妊娠中の方から「抜け毛が増えた気がするのですが、おなかの赤ちゃんに関係がありますか」と尋ねられることがよくあります。シャンプーのときに指へ絡む毛を数えて、そこから不安が広がっていく方が多いように感じます。

妊娠中は体そのものが大きく変わる時期なので、髪だけを切り離して考えるのが難しいところです。気になったら健診のついででかまいませんので、遠慮なく声をかけてください。

妊娠中はエストロゲンの働きで髪がとどまりやすくなるため、本来は抜け毛がむしろ減る時期にあたります。

それでも抜ける量が増えたと感じるなら、ホルモンそのものより、つわりによる栄養の偏りや睡眠不足が背景にあることがほとんどです。起きていることは時期によって違うので、初期と後期を分けて見ると見当がつきます。
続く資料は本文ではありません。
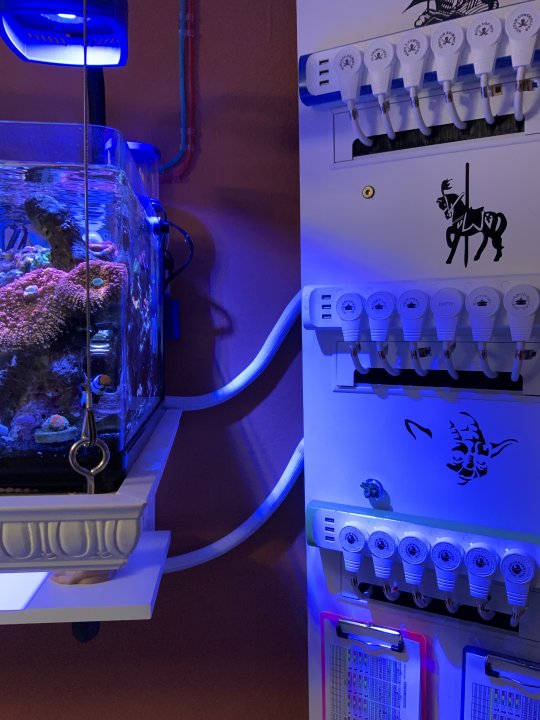 I color coded the power stripes and Ink bird controllers specific to their tanks. Blue ~ Pirates Bay, Pink ~ Fantasyland, Green ~ Dagabah. The white extension cords are 1‘ with a 360 degree flat swivel plug. Each outlet is labeled. Keeps everything uniform in front. All out to tank cords are then ran through a single piece of braided wire loom to make it look like a single cable running to the tank from behind the control board.
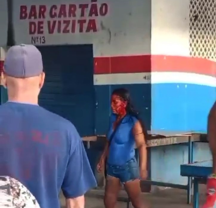 A mulher conhecida por Maria da “Faca” foi detida em flagrante pela polícia Militar. Um outro vídeo gravado por populares mostra o homem sentado sagrando no meio da rua.
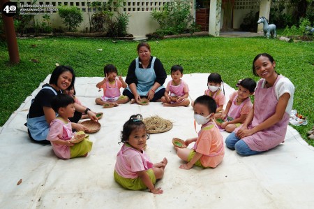 ด้วยมือเล็ก ๆ ที่เต็มเปี่ยมไปด้วยความมุ่งมั่นตั้งใจ ไม่นานนัก ก็ได้เมล็ดข้าวเต็มตะกร้า
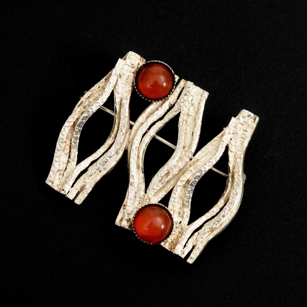 Designer-Brosche mit Karneolen.
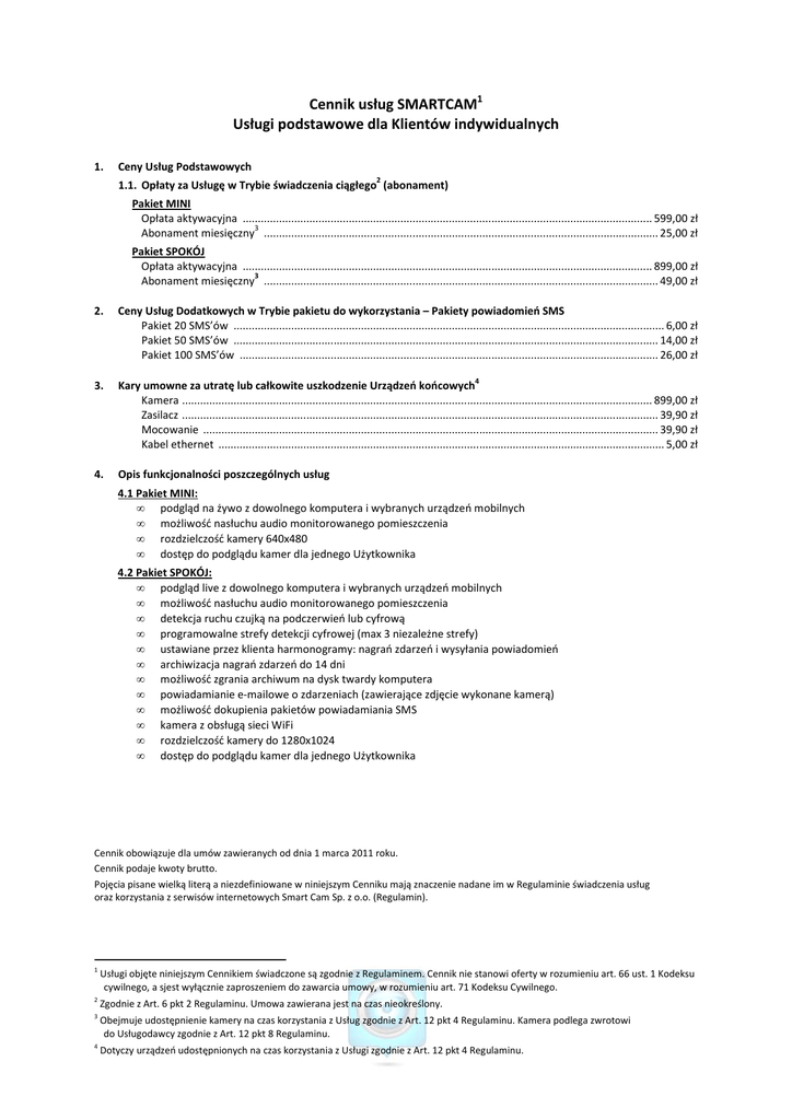 Cennik usług SMARTCAM1 Usługi podstawowe dla Klientów indywidualnych 1. Ceny Usług Podstawowych 2 1.1. Opłaty za Usługę w Trybie świadczenia ciągłego (abonament) Pakiet MINI Opłata aktywacyjna ....................................................................................................................................... 599,00 zł 3 Abonament miesięczny .................................................................................................................................. 25,00 zł Pakiet SPOKÓJ Opłata aktywacyjna ....................................................................................................................................... 899,00 zł 3 Abonament miesięczny .................................................................................................................................. 49,00 zł 2. Ceny Usług Dodatkowych w Trybie pakietu do wykorzystania – Pakiety powiadomień SMS Pakiet 20 SMS’ów .............................................................................................................................................. 6,00 zł Pakiet 50 SMS’ów ............................................................................................................................................ 14,00 zł Pakiet 100 SMS’ów .......................................................................................................................................... 26,00 zł 3. Kary umowne za utratę lub całkowite uszkodzenie Urządzeń końcowych Kamera ........................................................................................................................................................... 899,00 zł Zasilacz ............................................................................................................................................................. 39,90 zł Mocowanie ...................................................................................................................................................... 39,90 zł Kabel ethernet ................................................................................................................................................... 5,00 zł 4. Opis funkcjonalności poszczególnych usług 4 4.1 Pakiet MINI: • podgląd na żywo z dowolnego komputera i wybranych urządzeń mobilnych • możliwość nasłuchu audio monitorowanego pomieszczenia • rozdzielczość kamery 640x480 • dostęp do podglądu kamer dla jednego Użytkownika 4.2 Pakiet SPOKÓJ: • podgląd live z dowolnego komputera i wybranych urządzeń mobilnych • możliwość nasłuchu audio monitorowanego pomieszczenia • detekcja ruchu czujką na podczerwień lub cyfrową • programowalne strefy detekcji cyfrowej (max 3 niezależne strefy) • ustawiane przez klienta harmonogramy: nagrań zdarzeń i wysyłania powiadomień • archiwizacja nagrań zdarzeń do 14 dni • możliwość zgrania archiwum na dysk twardy komputera • powiadamianie e-mailowe o zdarzeniach (zawierające zdjęcie wykonane kamerą) • możliwość dokupienia pakietów powiadamiania SMS • kamera z obsługą sieci WiFi • rozdzielczość kamery do 1280x1024 • dostęp do podglądu kamer dla jednego Użytkownika Cennik obowiązuje dla umów zawieranych od dnia 1 marca 2011 roku. Cennik podaje kwoty brutto. Pojęcia pisane wielką literą a niezdefiniowane w niniejszym Cenniku mają znaczenie nadane im w Regulaminie świadczenia usług oraz korzystania z serwisów internetowych Smart Cam Sp. z o.o. (Regulamin). 1 Usługi objęte niniejszym Cennikiem świadczone są zgodnie z Regulaminem. Cennik nie stanowi oferty w rozumieniu art. 66 ust. 1 Kodeksu cywilnego, a sjest wyłącznie zaproszeniem do zawarcia umowy, w rozumieniu art. 71 Kodeksu Cywilnego. 2 Zgodnie z Art. 6 pkt 2 Regulaminu. Umowa zawierana jest na czas nieokreślony. 3 Obejmuje udostępnienie kamery na czas korzystania z Usług zgodnie z Art. 12 pkt 4 Regulaminu. Kamera podlega zwrotowi do Usługodawcy zgodnie z Art. 12 pkt 8 Regulaminu. 4 Dotyczy urządzeń udostępnionych na czas korzystania z Usługi zgodnie z Art. 12 pkt 4 Regulaminu.

妊娠中は使えない薬があり、そこだけは自己判断を避けてください。多くは一時的な変化なので、頭皮への負担を減らしながら産後まで様子を見るのが基本になります。

執筆・監修医師

大木皮ふ科クリニック 副院長 大木 沙織

名前:大木 沙織
大木皮ふ科クリニック 副院長
皮膚科医/内科専門医/公認心理師
略歴:順天堂大学医学部を卒業後に済生会川口総合病院、三井記念病院で研修。国際医療福祉大学病院を経て当院副院長へ就任。

所属:日本内科学会

妊娠中に抜け毛が増える時期

妊娠初期から中期後期を経て産後までの抜け毛の気になりやすさを1本の時間軸で表した図解

気になりやすいのは、つわりが重なる妊娠初期と、体の負担が積み重なる妊娠後期という2つの時期です。

つわりと重なる妊娠5〜8週ごろ

食べられるものが限られる時期と重なるため髪へ回る材料が細りますが、中期に入るころには落ち着いていく方が多く、毛根そのものが失われるわけではありません。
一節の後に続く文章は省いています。